Проблема была только в том, что заведующая этой лабораторией профессор Кондрашкина пользовалась в МБИ дурной славой. "Если хотите в чем-либо запутаться, поговорите с Кондрашкиной", – смеялся профессор Юрьев, не рекомендуя мне идти под начало этой властолюбивой дамы. Я не послушал его. А зря.
Кондрашкина, узнав что я из МБИ, поморщилась: "Уж больно там все умные, злоупотребляют физикой да математикой. А ведь биология – наука о живом, тут негоже циркулем махать". Она не очень-то хотела меня брать. Предпочитала молодежь с периферии.
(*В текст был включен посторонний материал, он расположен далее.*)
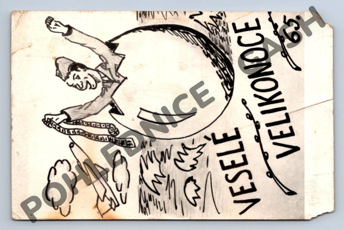 Originální velikonoční pohlednice s ručně kresleným motivem, datovaná rokem 1965. Na pohlednici je neobvyklý obrázek muže s pomlázkou a tradičním velikonočním přáním Veselé Velikonoce. Na druhé straně je ručně psané věnování paní Klüglerové do Duchcova a poštovní známka ČSSR v hodnotě 30 h. Pohlednice nese známky používání a stáří – rohy jsou mírně ohnuté, je patrné opotřebení, skvrny a drobné poškození. Skvělý sběratelský kousek s dobovou atmosférou a osobním kouzlem.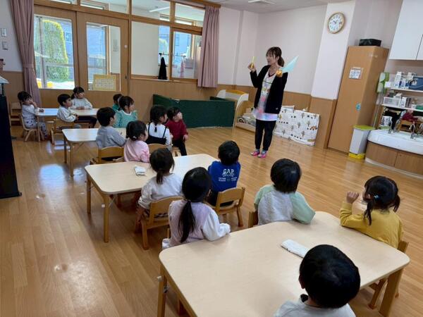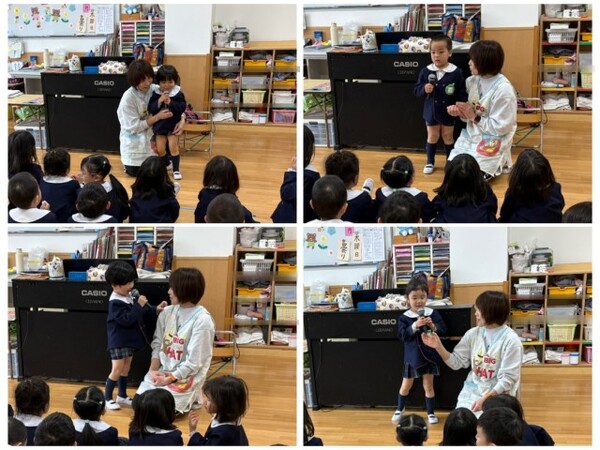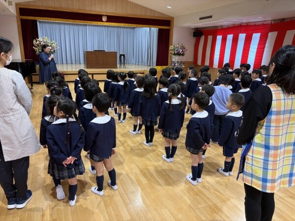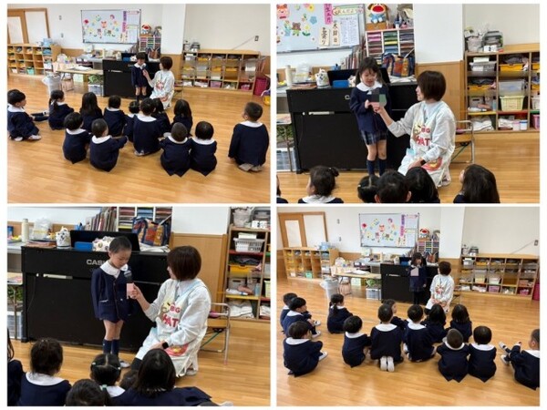 園長先生から、4月になったら年中さんになることや、春休みに怪我や病気をしないように、元気に過ごして下さいというお話をしていただきました🙂↕️背筋を伸ばして、真剣に聞いています✨

Возьмет вытащит в академгородок малограмотного мальчонку из какого-нибудь козлохердинского сельхозинститута – и он ее не просто слушается, он ее боготворит. Но на мое счастье (или несчастье) один из коллег Кондрашкиной, некто П.Г.Мыранов, заявил, что готов сделать из Никишина настоящего ученого. Она отдала меня под его начало и на время забыла о моем существовании.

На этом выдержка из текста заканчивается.